:: Dataset excerpt ::

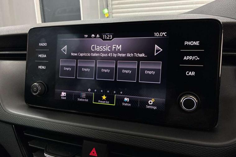 Bluetooth system, E-call, Front assist system, PAS, Service indicator, Speed limiter, Wireless Smartlink for Apple CarPlay (wired for Android Auto), 8 Speakers, Auxiliary input socket, DAB Digital radio, Body colour bumpers, Body colour door mirrors and handles, Chrome grille surround, Dimming rear view mirror with black surround, Electrically adjustable and heated door mirrors, Front and rear electric windows, Headlight range control, Heated rear window, LED rear lights - low functionality, LED third brake light, Light sensors, Rain sensor, Rear fog lights, Rear side wing doors, Rear wiper, 12V Accessory socket in centre console, 3 seat bench in 2nd row, Chrome inner door handles, Cloth upholstery, Front head restraints, Glove compartment with illumination, Ice scraper, Isofix child seat fittings on outer rear seats, ISOFIX on front passenger seat, Manual lumbar support for front seats, Rake/reach adjustable steering wheel, Reading lights, Single front passenger seat, Sun visors with illumination on front passenger, Textile floor mats, Third rear headrest, Top tether for front passenger seat, Umbrella in driver's door, 3x3 point rear seatbelts, Airbags - driver and front passenger, ESP, Front passenger airbag deactivation switch, Front side airbags with curtain airbags, Hill hold control, Manual parking brake, Manual rear child locks, One tone horn, Rear disc brakes, Seatbelt reminder for driver an co-driver, Traction control, Tyre pressure monitor, Anti-theft alarm system with interior monitoring, backup horn, towing protection and remote central locking with SAFE system, Anti-theft wheel bolts, Electronic engine immobilizer,
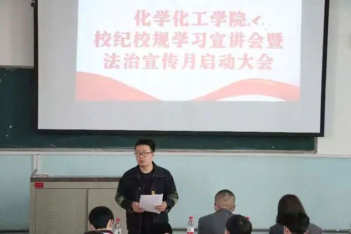 为全面贯彻落实习近平总书记全面依法治国新理念新思想新战略,推动学院法治建设进程,增强学生的规则意识和法治观念,营造良好的学习生活环境。4月10日下午,情色自拍 召开校纪校规学习宣讲会暨法治宣传月启动大会。学院党委副书记李晨、学工办负责人马依然·买买提、辅导员陆元春、刘思诺、学生会干部、班干部、学生党员、宿舍长和学生代表参加会议。
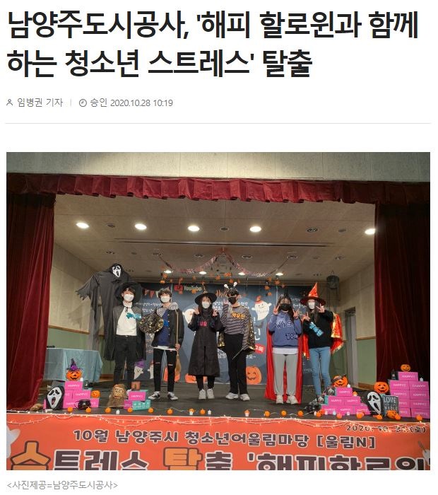 경기인터넷뉴스(2020.10.28.) 남양주도시공사, 해피 할로윈과 함께 하는 청소년 스트레스 탈출 운영:빠른뉴스 바른뉴스 경기인터넷뉴스 (ginnews.kr)
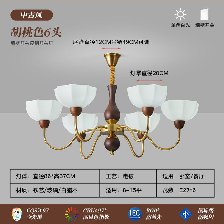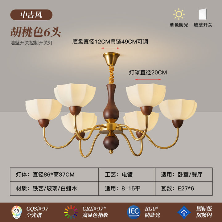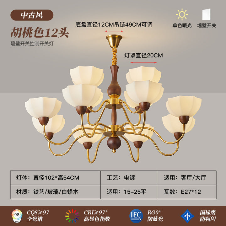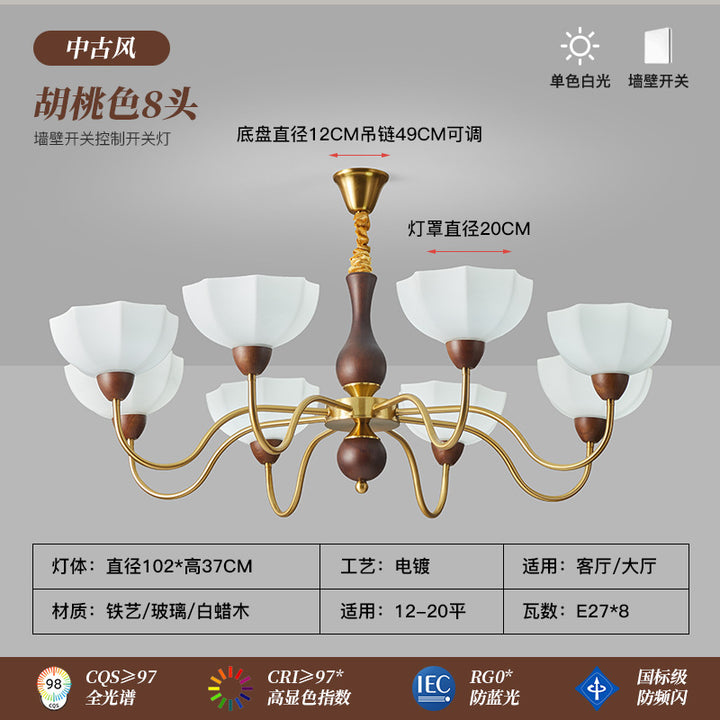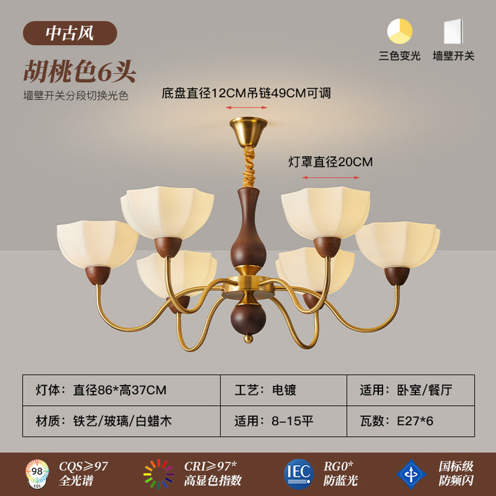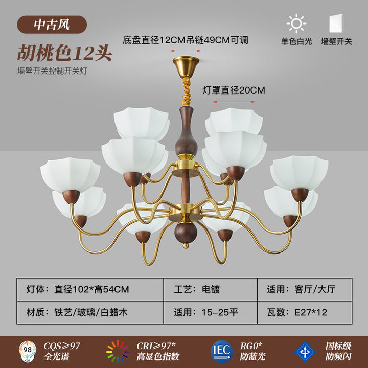 [Strict Selection] Medieval Style Chandelier New Chinese Retro Walnut Hall Main Light High-end Nanyang Style Book Room Light

:::

= The problem =
Only the lines from the line holding "경기인터넷뉴스(2020.10.28.) 남양주도시공사, 해피" through the last line above belong in the answer, repeated exactly; the pictures do not.

= Answer box =
 경기인터넷뉴스(2020.10.28.) 남양주도시공사, 해피 할로윈과 함께 하는 청소년 스트레스 탈출 운영:빠른뉴스 바른뉴스 경기인터넷뉴스 (ginnews.kr)
 [Strict Selection] Medieval Style Chandelier New Chinese Retro Walnut Hall Main Light High-end Nanyang Style Book Room Light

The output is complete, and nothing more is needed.